Wo man letztendlich unbeschränkt steuerpflichtig ist, hängt vom gewöhnlichen Aufenthaltsort ab. Unbeschränkte Steuerpflichtigkeit besteht in dem Land, in dem man sich an mehr als 183 Tage im Jahr aufhält.

Man sollte sich sich gegebenenfalls umsatzsteuerlich in Spanien registrieren lassen , wenn hier steuerbare und steuerpflichtige Leistungen gegenüber Privatpersonen erbracht werden.

Wenn man in Spanien ein Gewerbe anmelden möchte, so muß man das bei der örtlichen Stadtverwaltung („ayuntamiento“) tun.

Seit dem 01. März 2003 bedarf es bei einem dauerhaften Aufenthalt in Spanien zur Existenzgründung für Bürger der Europäischen Gemeinschaft nicht mehr einer Aufenthaltsgenehmigung (permiso de residencia). Trotzdem ist es ratsam, eine „tarjeta de residencia en régimen comunitario“ zu beantragen, da man, um sich auszuweisen, mit dem Pass bei Behörden, Banken u.ä. mangels Ausweis der hier üblichen spanischen Steuernummer häufig Probleme bekommt. Sie ist bei der vor Ort zuständigen Polizeibehörde (Comisaría de Extranjería) zu beantragen.

Soweit eine Homologierung (Anerkennung) eines Berufsabschlusses möglich und zur Berufsausübung notwendig  ist, wird auch der Nachweis der  Homologierung gefordert. Für eine Selbständigkeit wird auch der Nachweis über die Anmeldung zur spanischen Form der Gewerbesteuer (IAE) und über deren Zahlung gefordert, sofern nicht eine der Freistellungsvoraussetzungen von der Gewerbesteuerzahlungspflicht vorliegt. Die Anmeldung zur Gewerbe- und Einkommensteuer ist bei der zuständigen Finanzbehörde (Delegación de la Administración de la Hacienda) vorzunehmen.

Die Aufnahme einer beruflichen Tätigkeit in einer Gemeinde braucht desweiteren häufig eine besondere Eröffnungslizenz der Stadtverwaltung (“licencia de funcionamiento”), es sei denn, hier liegen Ausnahmevoraussetzungen vor. Näheres wird bei der zuständigen Stadtverwaltung zu klären sein.

Eine  hilfreiche  Broschüre über Spanien (ca. 60 Seiten, Merkblatt Nr. 48) erhält man über das Bundesverwaltungsamt, Informationsstelle für Auslandstätige und Auswanderer.  Nähere Informationen hierzu findet man der Seite www.bundesverwaltungsamt.de unter dem Thema Auswanderung / EURES.

Es wird dringend geraten, die mit der Aufnahme einer unternehmerischen Tätigkeit in Spanien verbundenen Schwierigkeiten nicht zu unterschätzen und sich vorher umfassend und kompetent beraten zu lassen.
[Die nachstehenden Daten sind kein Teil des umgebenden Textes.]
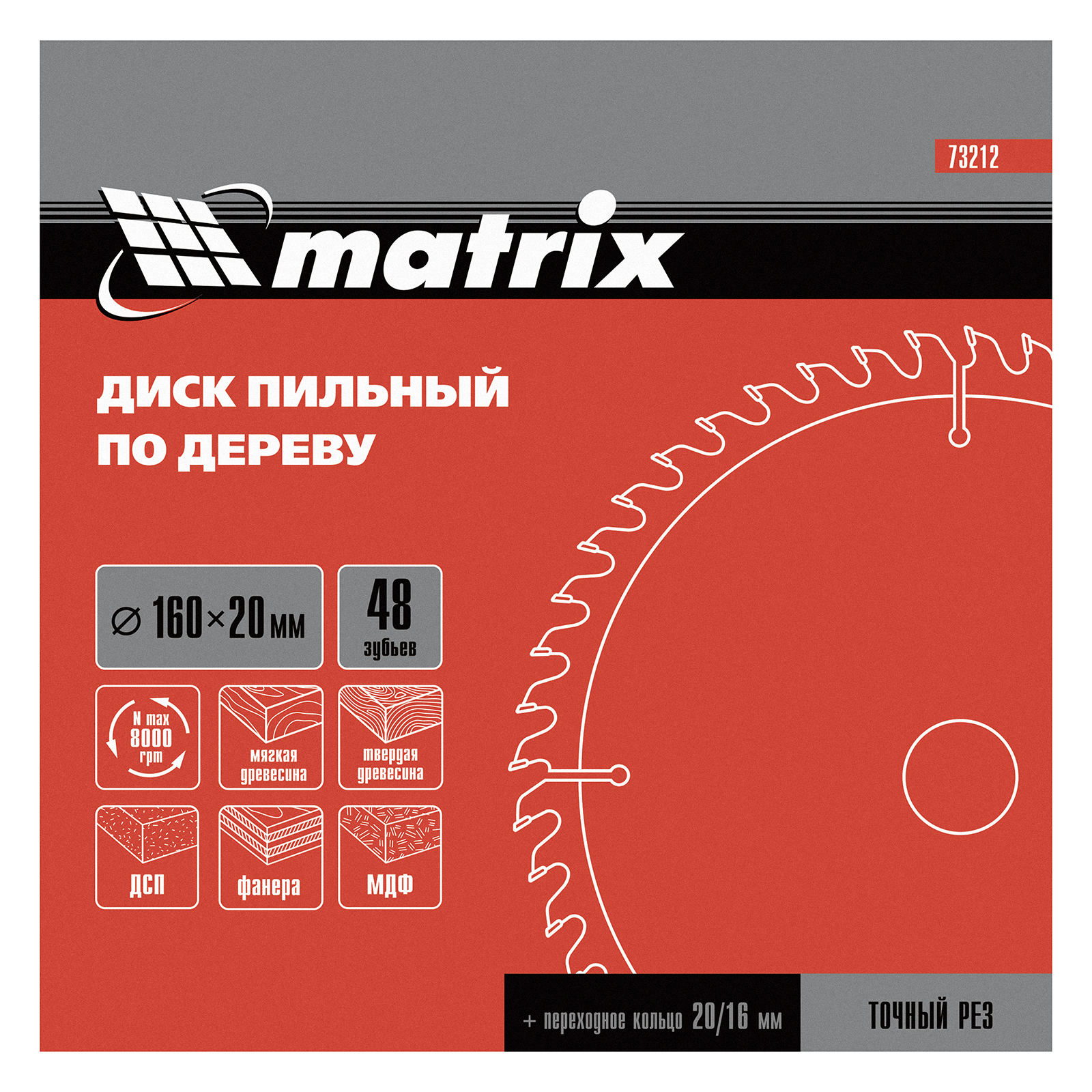 Пильный диск по дереву Matrix 73212 диаметром 160 х 20 мм, с 48 зубьями и переходным кольцом 20/16, — оснастка для циркулярных и торцовочных пил с соответствующим посадочным и внешним диаметром. Используется преимущественно для поперечного реза материалов из мягкой и твердой древесины, ДСП, ДВП, фанеры, столярных плит. В комплект поставки входит переходное кольцо 20/16, позволяющее самостоятельно изменить посадочный диаметр при необходимости. Диск подходит для бытового и профессионального применения.
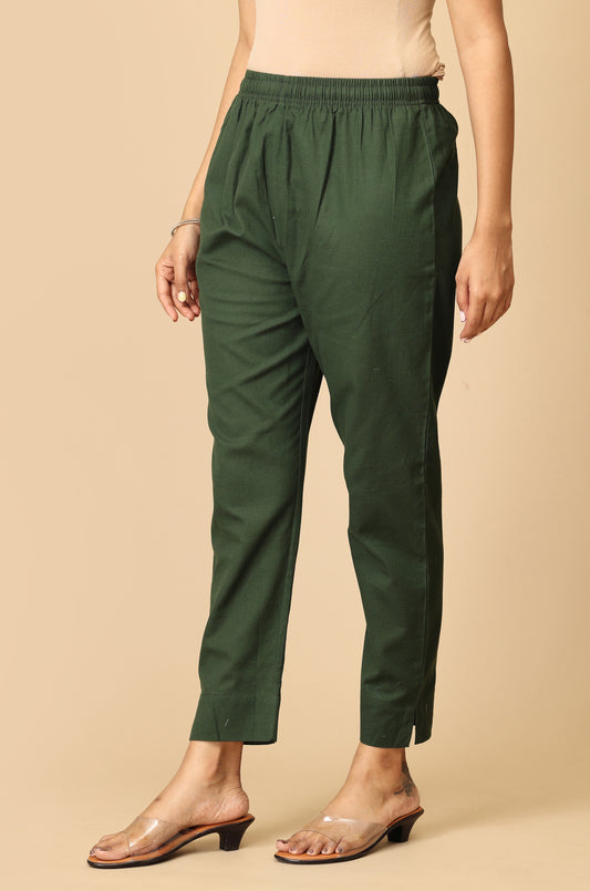 Green Cotton Trouser Fit with Drawstring Cigarette Pant
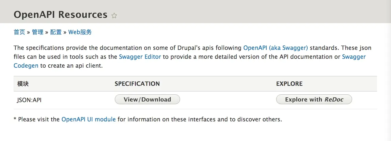 该模块通过在Drupal和库之间提供集成以显示api规范供开发人员和最终用户使用,从而适合OpenAPI生态系统。有关Drupal api的OpenAPI规范以及其他贡献模块的API的信息,请查看OpenAPI模块。
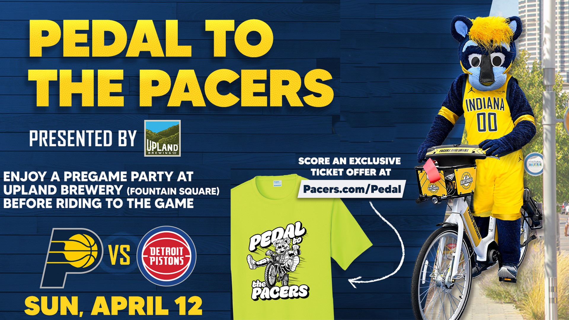 Riders will roll out from the party and arrive in time to park their bikes and cheer on the Indiana Pacers as they host the Detroit Pistons for their final home game of the season. Limited edition Pedal to the Pacers t-shirts are available with every purchased ticket. For more information or to purchase tickets, visit Pacers.com/Pedal.

Die Kammer verfügt in der interessierenden Region über eine Anzahl von deutschsprachigen Rechtsanwälten, die bei diesemVorhaben möglicherweise behilflich sein können. Es können die nächstgelegenen deutschsprachigen Rechtsanwälte über  die Webseite www.ahk.es (--> Datenbanken) bzw. www.iurweb.ahk.es gesucht werden. Auskünfte und Beratungen der Rechtsanwälte sind honorarpflichtig und können in ihrer Höhe frei vereinbart werden .

Im Verlag Edition für internationale Wirtschaft in Frankfurt (www.edition-spanien.de) findet man möglicherweise interessante Bücher zum spanischen Rechtsraum.